Hice aquello. El tren de todos, se llamó la serie. Se publicaron 62 entregas. Otros tantos familiares o amigos de los muertos denegaron la invitación. Al resto no fui capaz de localizarlos. No soy Astro Boy ni trabajaba para el Grupo Prisa, que, digan lo que digan los resentidos, cuando se pone, se pone.

Durante varios meses fui en Metro y Cercanías a una casa hippie con horizontes pintados en la pared, a otra casas olor a Varón Dandy, a una más donde una docena de africanos comían sémola, a otra con un ramo de rosas enviado por Joaquín Sabina… Casas pagadas, adeudadas, heredadas y arrendadas, pero, en fin, casas habitadas por gente inocente y deshecha. Casas con fantasma.

Mari Paz, la mujer que me telefonea cada 11-M desde 2004, perdió a su marido, que tiene el mismo nombre y el mismo apellido que mi hijo mayor, Félix González. Es una casualidad que puede ponerte la carne de pollo. Hubo más: la compañera de clase de mi novia, esa muchacha a quien mi hermano de sangre Javier Rada ha colocado en la foto de la entrada anterior de esta bitácora, fue una de las víctimas más jóvenes.

Desde hace 18 años habito en la montaña rusa de la depresión y la angustia. Cuando escribí El tren de todos tomaba cada mañana 75 mg de un antidepresivo. Ahora, de baja laboral desde hace nueve semanas (ya no soy freelancer sino empleado en plantilla de producción, sal de la tierra), trago 150 cada mañana, otros 75 al mediodía, dos píldoras contra el vértigo y media pastilla de benzodiacepina antes de irme a la cama.

Tranquilos, la bisutería bioquímica no me convierte en otro: incluso ligo más. Es sabido que la tristeza vende, aunque no tanto, seamos justos, como la vulva de Britney, una tipeja que aparece 454.000 veces en el buscador de 20minutos, el doble que los Beatles y 45.400 veces más que el padre de la poesía moderna, Arturito Rimbaud.

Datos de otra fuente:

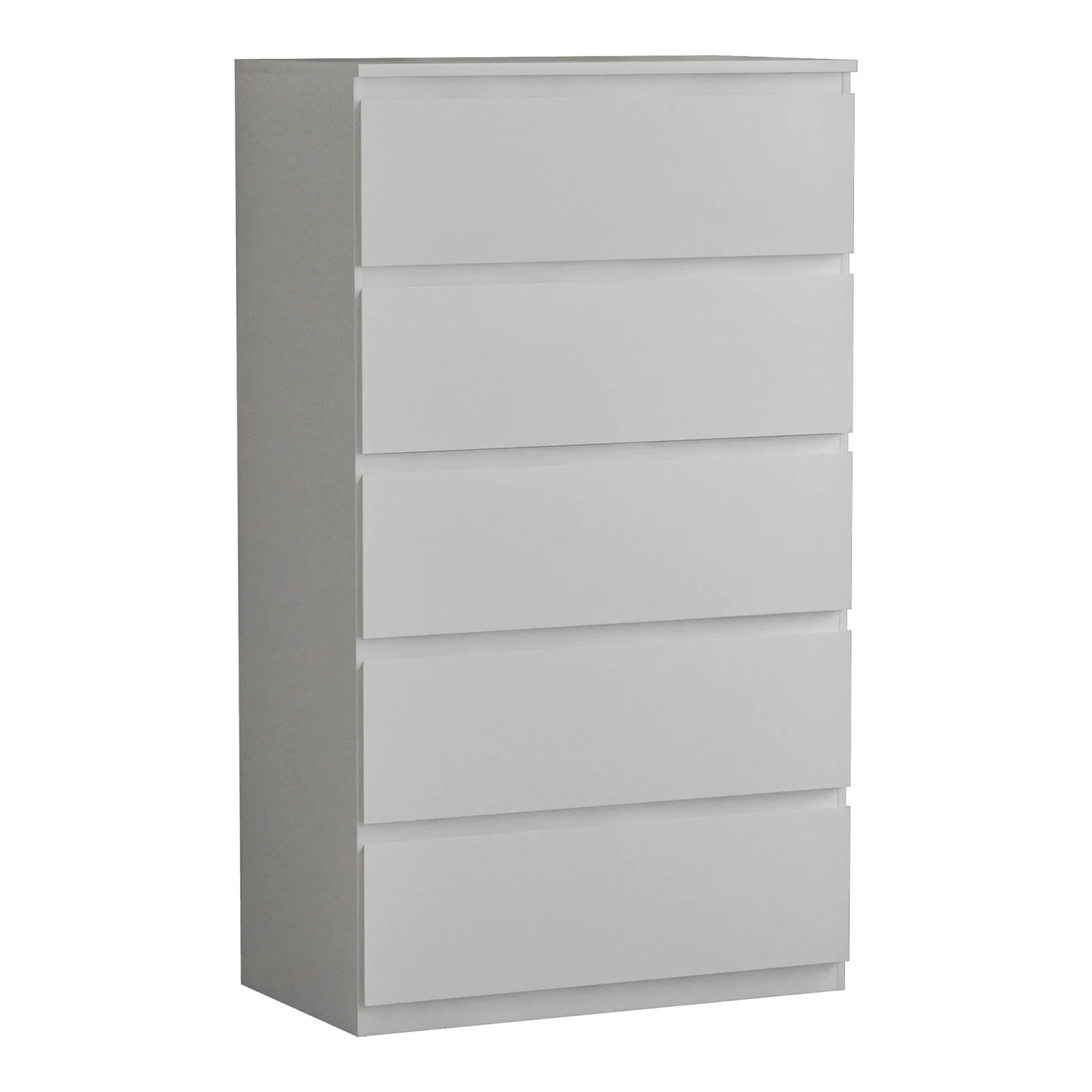 Practical as well as stylish, this Denver 5 Drawer White Chest has a lovely tall and narrow design, which makes it suitable for those who have the height but not the floor space. Compact in design, it has 5 drawers for storage and comes manufactured from solid wood with a sleek handle-less design. Painted in white to fit into most modern decor styles, it allows you to organise your clothes better for a clutter-free bedroom.

El tren de todos, miserias personales aparte, fue el trabajo más bello de mi vida. Nunca olvidaré, nunca. Ahora bien, no creo que sea necesario ni conveniente republicarlo conviviendo con las falacias, los mercadeos, los regalos de San Valentín y la cultura con zeta, derramada con la tinta blanca que gotean las gónadas de un ex camarero de pub de guiris que, para colmo, tiene cara (y pensamiento) de mantecada horneada por las clarisas.

¿Homenaje? La cortesía, el respeto, el cariño, nada tienen que ver con el cómputo neurótico del número de clicks de internautas (casi siempre también neuróticos) por el que guerrean las corporaciones informativas, o casi informativas, en esa lobotomizante conflagración para la captación de cualquiera que con tanta aguda gracia glosa mi admirado Toteking:

Veo claro como hay 2 tipos de gente,

los macarras con Sardá y los progres con Buenafuente

La serie El tren de todos, creo, pertenece legalmente a 20minutos (nada firmé al respecto pero acepté un acuerdo y me importa un bledo lo demás). La cortesía, el respeto, el cariño, sin embargo, implicaban haber pedido permiso. Primero, a mí, el autor. Segundo, sobre todo, a ellos, los habitantes de las casas con fantasma.

Salud a repartir y perdón por la obligatoria ausencia.

José Ángel González

¡Nacimiento!

En el centro del vagón, en hora punta, aquel hombre tosió. Y la fuerza branquial, repleta de miasmas, y el ronquido que perforó sus muelas, hizo pensar a los presentes que un animal- quizá un jabalí- estaba entre ellos. Estúpido terror momentáneo, reminiscencias de tiempos antiguos.

Los tos se acentuó: se cuenta en escala géiser, crece por sexy aritmética. Sus compañeros de viaje creyeron que era un enfermo; por concretar, los más cercanos, adoptaron el rostro que solemos poner al encontrarnos, ¡oh dios mío!, ante una mierda: pensaron, muérete en otro lado, sidoso, pero no en este vagón, apestas.

Al llegar a la Estación 2, la tos continuaba a ritmo carioca, pero su cadencia, el politono 13Muerte, era aún más seca.

El hombre se asfixiaba dentro de los límites del círculo mágico que habían dibujado a su alrededor. Muchos decidieron apearse y esperar otro tren. Los más valientes-los que viajan como si fueran neoyorquinos por los subterráneos, o lo más compasivos, cuya ONG no llega a inmiscuirse en las liturgias médicas- aguantaron la fanfarria de estertores, la ruptura de dominó de sus costillas, su cara entre roja y pálida, alegando asfixia y descontrol.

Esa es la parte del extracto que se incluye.